Unique Binary Search Trees II
Unique Binary Search Trees II
Given N, generate all BST sequences with nodes 1 to N.
Each value can be the root. Use recursion and divide-and-conquer. Let elements on the left form the left subtree and elements on the right form the right subtree.
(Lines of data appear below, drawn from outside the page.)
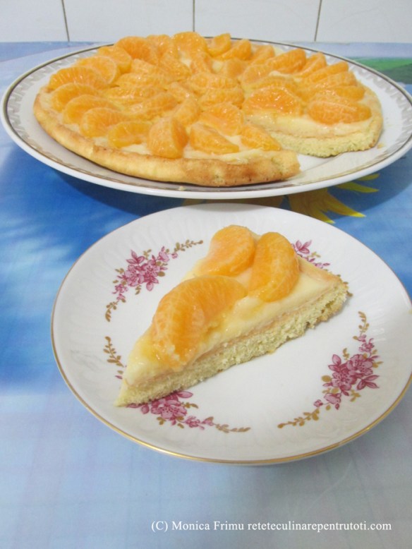 Curățăm clementinele de coajă, desfacem în felii și îndepărtăm eventualii sâmburi având grijă să nu le rupem. Topim margarina pe foc mediu, punem clementinele și amestecăm din când în când 2 minute. Presărăm zahărul brut și amestecăm din când în când până se topește, aproximativ 3-4 minute. Decorăm tarta cu feliile de clementine, deasupra turnăm siropul format. Punem în frigider 4 ore. Porționăm și servim.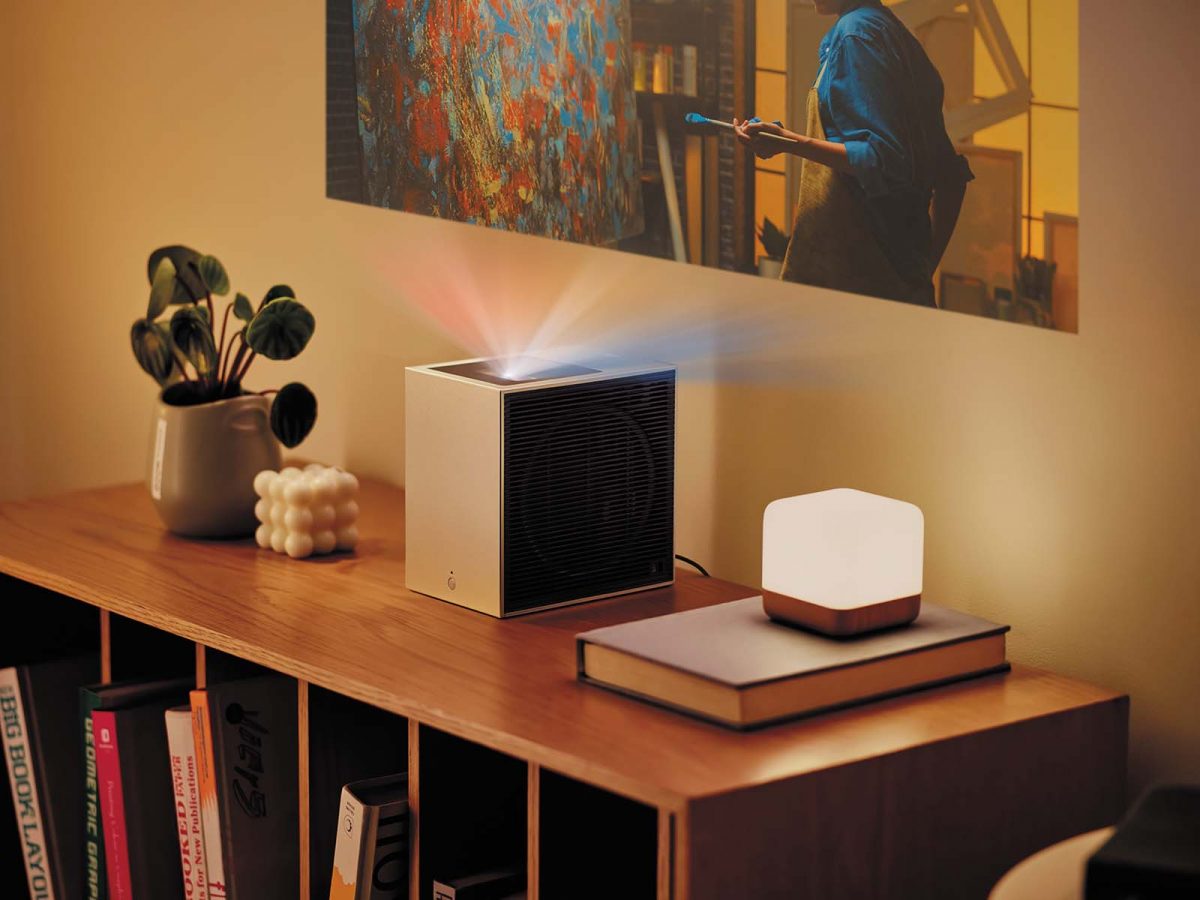 Google TV搭載プロジェクターでは世界最小(※)を誇る。超コンパクトながら、明るさの均一性が高く、暗くなりがちな画面の隅まで鮮やかで繊細な映像を映し出せる。各種自動補正機能備え、好きな場所から投影が可能。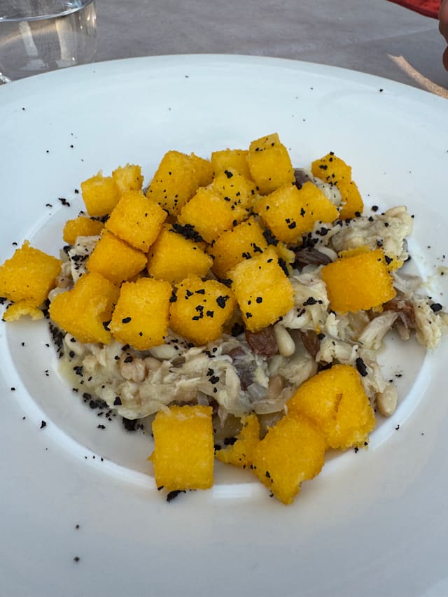 Spaghettone alle sarde di lago con croccante di pane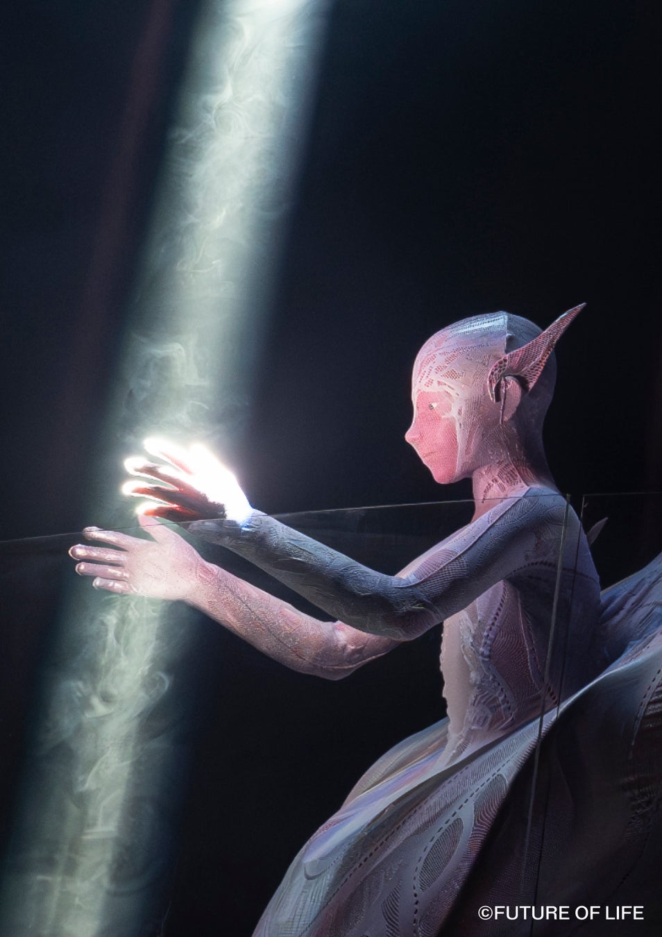 テクノロジーが進化し、人間とロボットが共存する50年後、そして人間が身体の制約から解放される1000年後の未来を、リアルなロボットと映像が混ざり合う物語として体験します。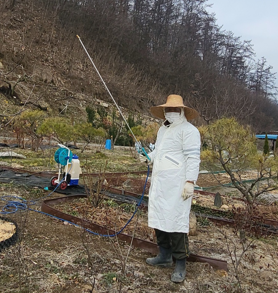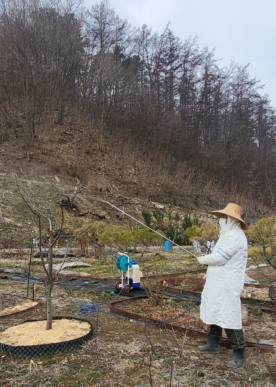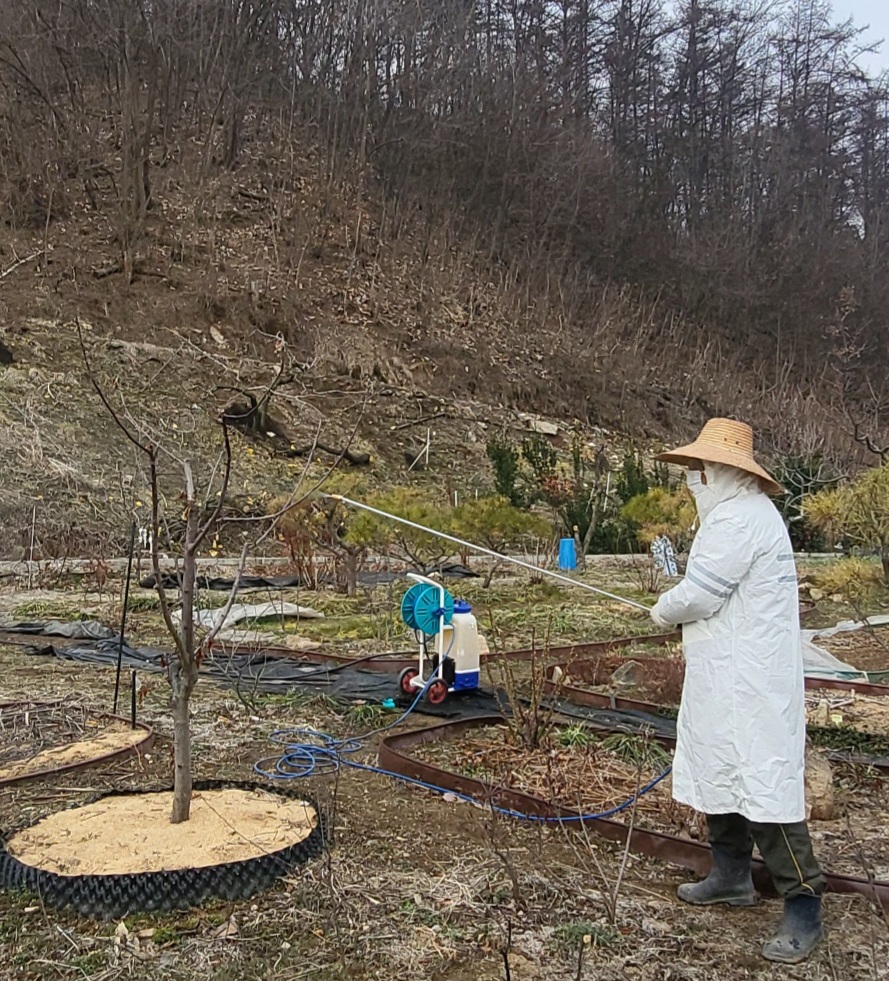 농약 통에 물을 채우고 석회 보르도액과 유황 등 친환경 농약을 넣고 흔들어 섞은 다음 뚜껑을 덮고 호스연결 고리를 단단히 조인 후 과수나무 마다 흡벅 뿌려 주었습니다.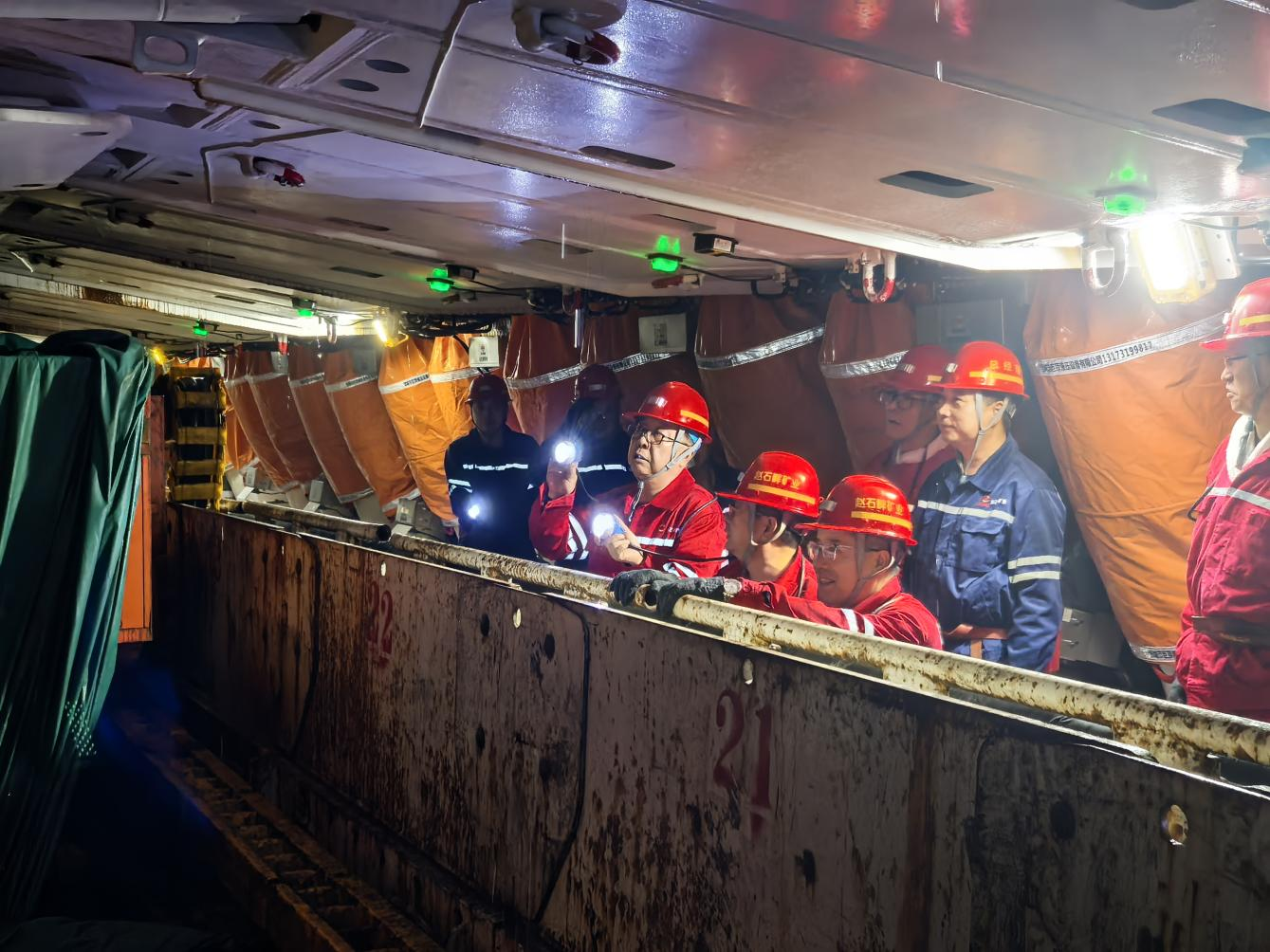 王栋一行深入工业厂区,重点察看赵石畔运营副立井提升系统的安全运行状况,详细了解现场设备参数、系统运维现状,观摩了实际操作流程,并针对隐患排查和优化升级等提出了指导意见。随后,王栋一行深入30101综采工作面,实地了解了采煤机、液压支架、转载机等设备安装调试情况。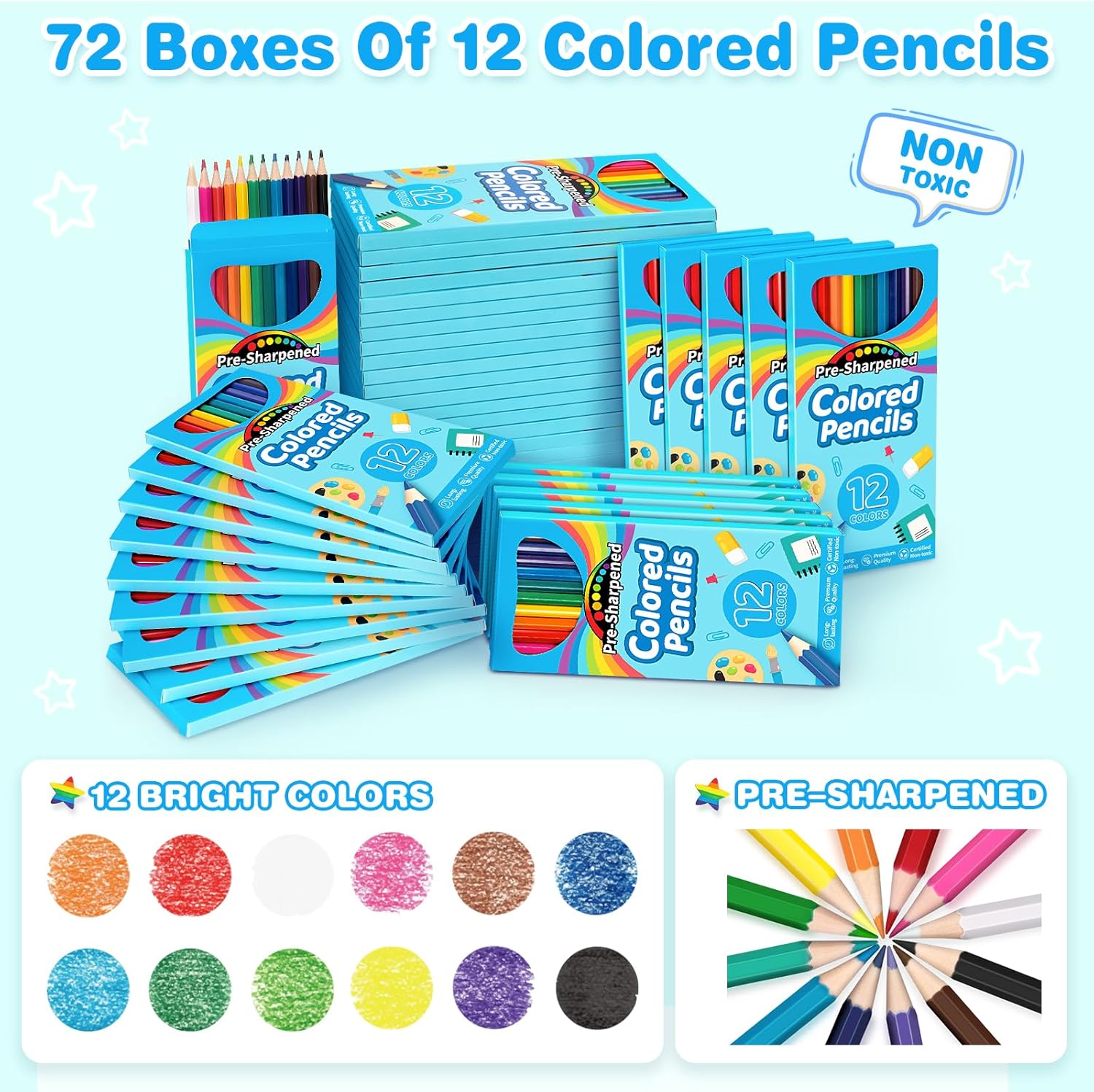 864 Count Colored Pencils Bulk, 72 Pack Colored Pencils for Kids, Pre-sharpened Coloring Pencils in 12 Vibrant Colors, Bulk School Supplies for Teachers, Classroom Prizes, Drawing Art Supplies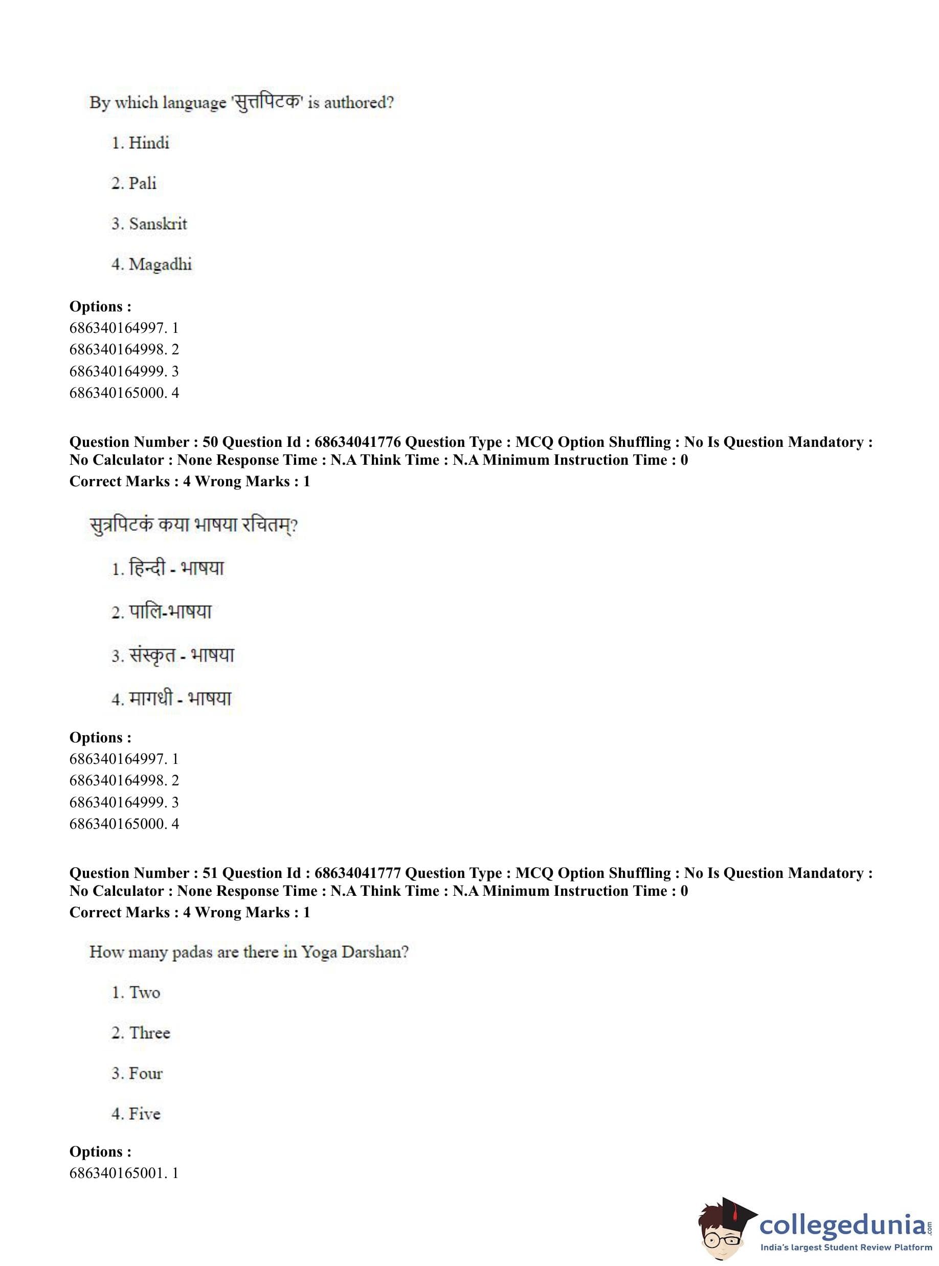 CUET PG 2023 Indian Knowledge System Question Paper in Hindi (June 30 - Shift 3)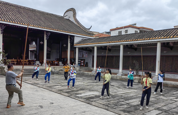 火炬三小于2022年11月成功申請(qǐng)為“濠頭鄭家棍”非物質(zhì)文化遺產(chǎn)傳承基地。三小將充分挖掘“濠頭鄭家棍”的健身和育人功能,邀請(qǐng)“濠頭鄭家棍”非遺文化傳承人鄭洪昆等為校外輔導(dǎo)員,以濠頭文化大院為校外實(shí)踐陣地,定期開設(shè)非遺文化社團(tuán),推進(jìn)“濠頭鄭家棍”非物質(zhì)文化遺產(chǎn)真正走進(jìn)校園,在提升學(xué)生身體品質(zhì)、文化內(nèi)涵,豐富學(xué)生校園生活的同時(shí),增強(qiáng)學(xué)生對(duì)本土非遺文化的認(rèn)同感與民族自豪感。

This reduces the problem size.
class Solution {
public:
vector<TreeNode*> generateTrees(int n) {
if (n==0) return vector<TreeNode*>();
return genTree(1, n);
}
vector<TreeNode*> genTree(int start, int end) {
// all generated trees from start to end
vector<TreeNode*> tree_list;
if (start>end) tree_list.push_back(NULL);
for(int i=start;i<=end;++i) {
// each can be root
// recursively generate left subtree
vector<TreeNode*> left = genTree(start, i-1);
// recursively generate right subtree
vector<TreeNode*> right = genTree(i+1, end);
// combine left and right subtrees with i as root
for(auto lnode : left) {
for(auto rnode : right) {
TreeNode* root = new TreeNode(i);
root->left = lnode;
root->right = rnode;
// add to result and return
tree_list.push_back(root);
}
}
}
return tree_list;
}
};#recursion #divide-and-conquer #BST #tree